╔══

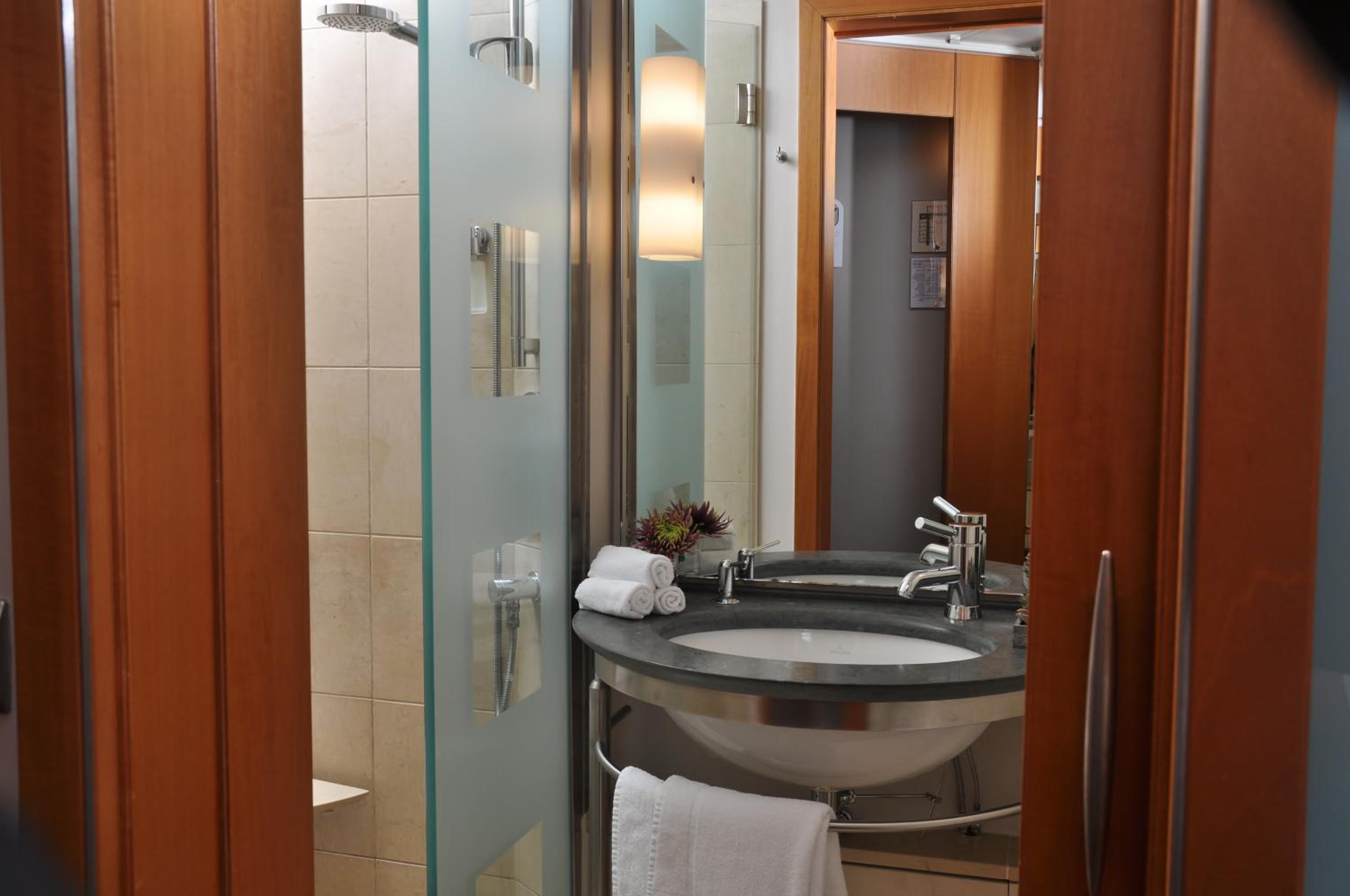 Guests have free access to a modern spa with an indoor pool, sauna, and fitness room. Perfect for unwinding after a day of exploring the city or business meetings.
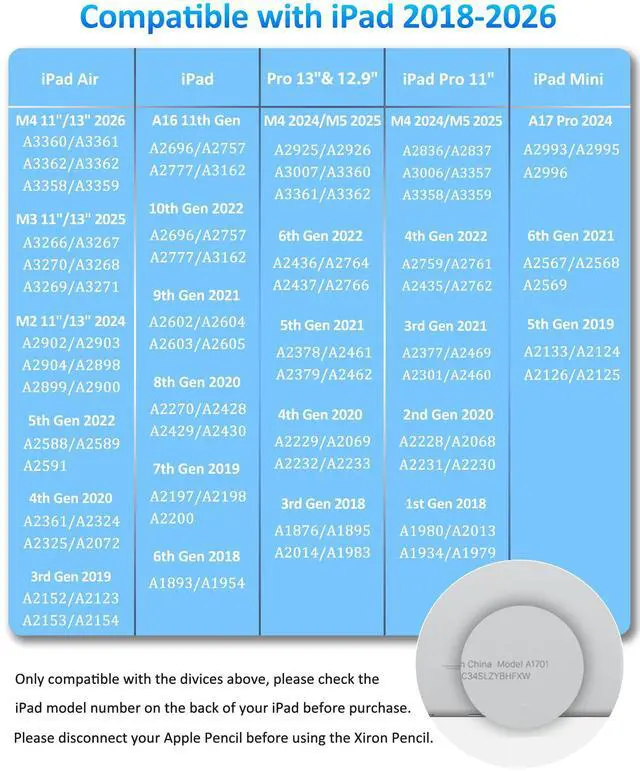 XIRON stylus pen special for iPad 2018 models or above. Precise positioning, no delay in touching screen, easy to use like a pencil!
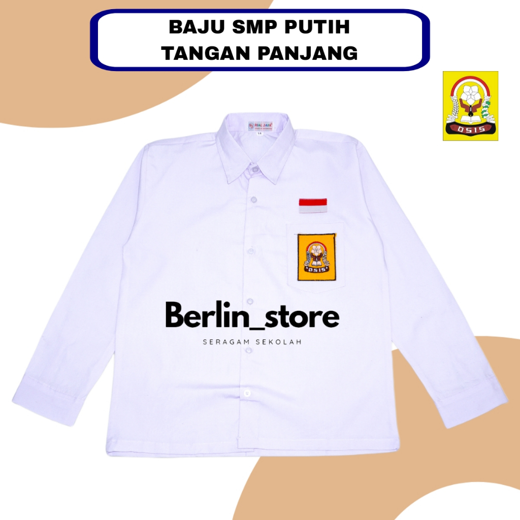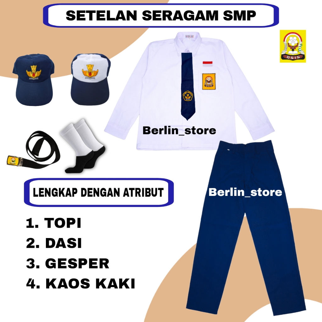 Setelan Seragam Sekolah SMP Biru Putih Anak Laki Laki Baju Putih Lengan Panjang Celana Biru Panjang
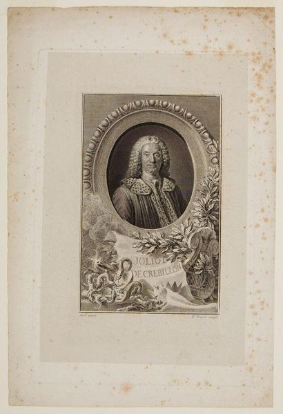 Curator: Here we have Étienne Ficquet's portrait of Pierre Corneille. The dimensions of the image are about 14 by 9 centimeters. What do you make of it? Editor: Intricate, certainly. The cherub and the eagle give it a flair, and the laurel wreath around Corneille’s portrait suggests accomplishment. Curator: Absolutely. Ficquet was a master of engraving, and you can see that in the fine lines and details. The materiality of the print itself - the paper, the ink - speaks to a specific mode of artistic production and consumption in its time. Editor: Right, but I think the artist’s vision is what matters most. The composition, the way the light falls on Corneille's face… it's all quite striking. It conveys a certain gravitas. Curator: Gravitas, yes, but also status. The print was likely made for distribution, contributing to Corneille's public image and the broader cultural economy surrounding literary figures. Editor: I still believe that there's something incredibly affecting and beautiful, the engraver has captured the depth of the human spirit, regardless of those social functions. Curator: A balance, then, of method and emotion. Editor: Precisely. A harmonious blend!
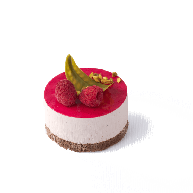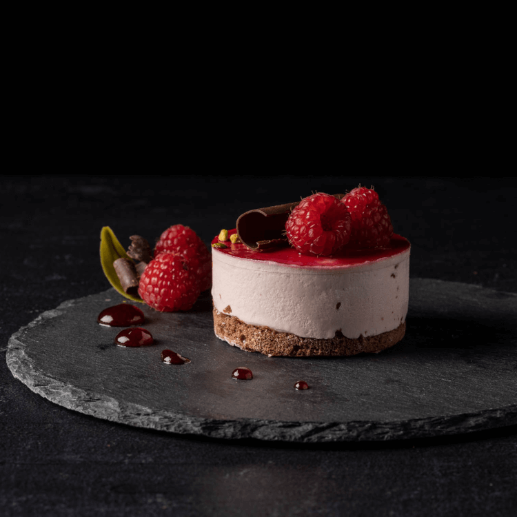 Dessert van frambozen bavarois met een bodem van chocolade – amandelbiscuit. Luxe gedecoreerd met chocolade, frambozen en pistache noten. Deze allemansvriend is een hardloper op iedere dessertkaart.
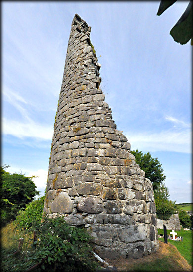 There are floor corbels visible on the first and second floors. The lowest 1.5 metres of the tower was constructed using large irregular shaped boulders with regularly coursed boulders above. The ground level is much lower on the northside but impossible to view as the tower stands on the boundary between the cemetery and private farmland. There is a barb-wired fence preventing access to the northside field. The large breech in the tower makes for a very dramatic ruin. |
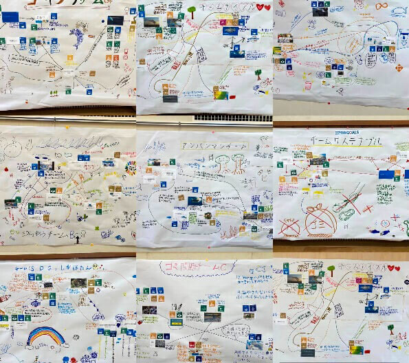 子どもたちはみんなで話し合いながら、図を作成する過程で全てがつながっていることに気づき、大きな相関図を10枚も作成しました。
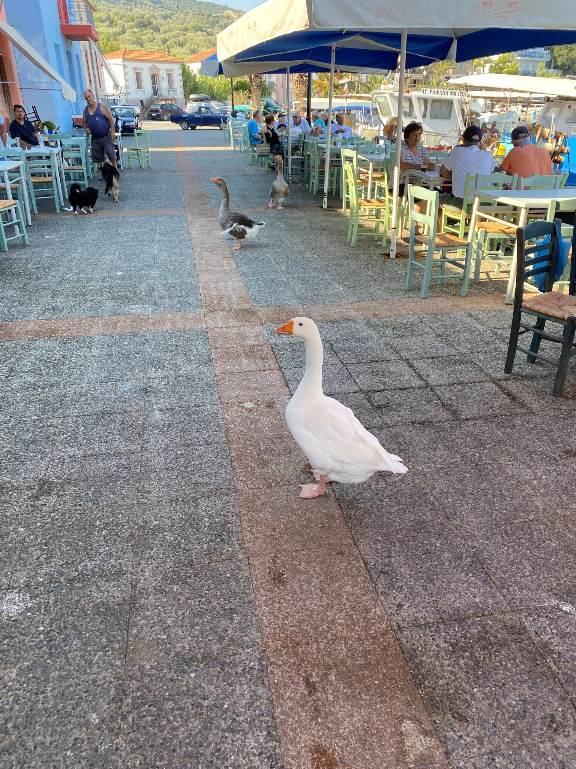 Θαρραλέες, αποφασιστικές, καμαρωτές, πλήρως κοινωνικοποιημένες, με στεντόρεια φωνή, απαιτούν να τις ακούσεις. Επιβάλλονται με τον τρόπο τους οι χήνες της Σκάλας, που παίρνουν τον πρωινό τους περίπατο. Μέρος του παραθαλάσσιου σκηνικού πια. Άνθρωποι και ζωντανά αντάμα χαίρονται και απολαμβάνουν την ομορφιά. Μάλλον κάτι θα λένε στη γλώσσα τους έτσι αυστηρά που κοιτάζουν αλλά ας το αφήσουμε. Είναι και ο νόμος περί Τύπου…
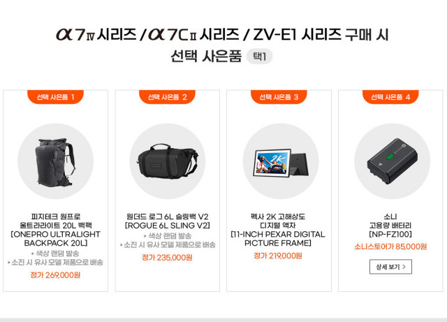 지금 소니에서 사은품증정 행사중이예요~ 정품배터리,백팩,슬링백,디지털액자등 선택가능합니다. 국내공식 소니코리아 대리점 정품입니다. 이번주 구매했으며 원하시면 영수증 챙겨 드리겠습니다. 물론 네이버 안전거래 택배(+4천원) 가능합니다. 만나서 거래는 서울 용산역KTX 에서 서로 날짜,시간 정해서 가능하고 광주는 아무때나 가능합니다.

╚══

**What you have to do**: Pictures aside, write out verbatim every line from the first line of the material through the line holding "Setelan Seragam Sekolah".

**Solution below**:
 Guests have free access to a modern spa with an indoor pool, sauna, and fitness room. Perfect for unwinding after a day of exploring the city or business meetings.
 XIRON stylus pen special for iPad 2018 models or above. Precise positioning, no delay in touching screen, easy to use like a pencil!
 Setelan Seragam Sekolah SMP Biru Putih Anak Laki Laki Baju Putih Lengan Panjang Celana Biru Panjang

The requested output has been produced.